[PROVIDED MATERIAL Boundary: Start]

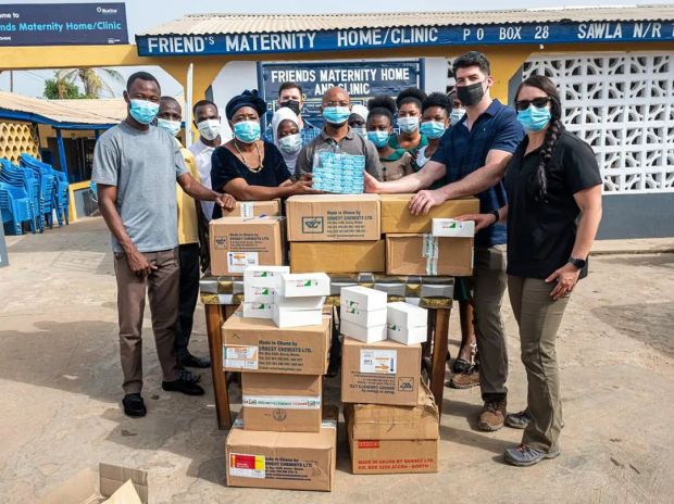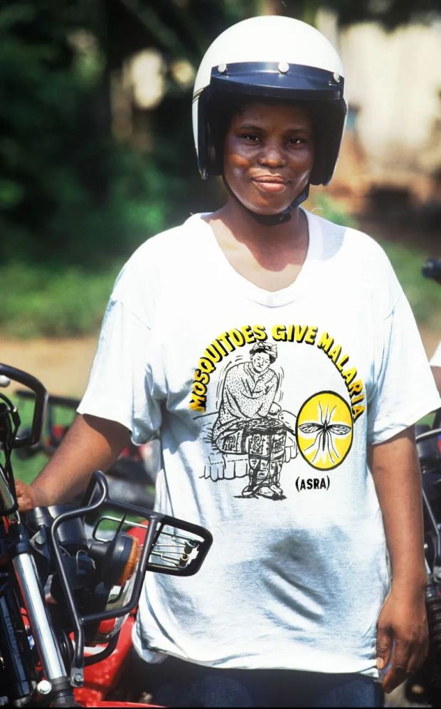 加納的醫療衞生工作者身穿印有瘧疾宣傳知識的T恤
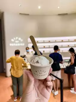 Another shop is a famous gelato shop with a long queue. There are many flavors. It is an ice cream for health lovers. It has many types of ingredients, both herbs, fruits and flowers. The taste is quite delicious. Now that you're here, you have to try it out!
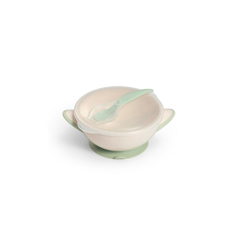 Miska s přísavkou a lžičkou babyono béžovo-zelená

[PROVIDED MATERIAL Boundary: End]

● **WHAT TO DO**: Your response should reproduce the entire listing verbatim, minus the pictures.

● **TASK RESPONSE**:
 加納的醫療衞生工作者身穿印有瘧疾宣傳知識的T恤
 Another shop is a famous gelato shop with a long queue. There are many flavors. It is an ice cream for health lovers. It has many types of ingredients, both herbs, fruits and flowers. The taste is quite delicious. Now that you're here, you have to try it out!
 Miska s přísavkou a lžičkou babyono béžovo-zelená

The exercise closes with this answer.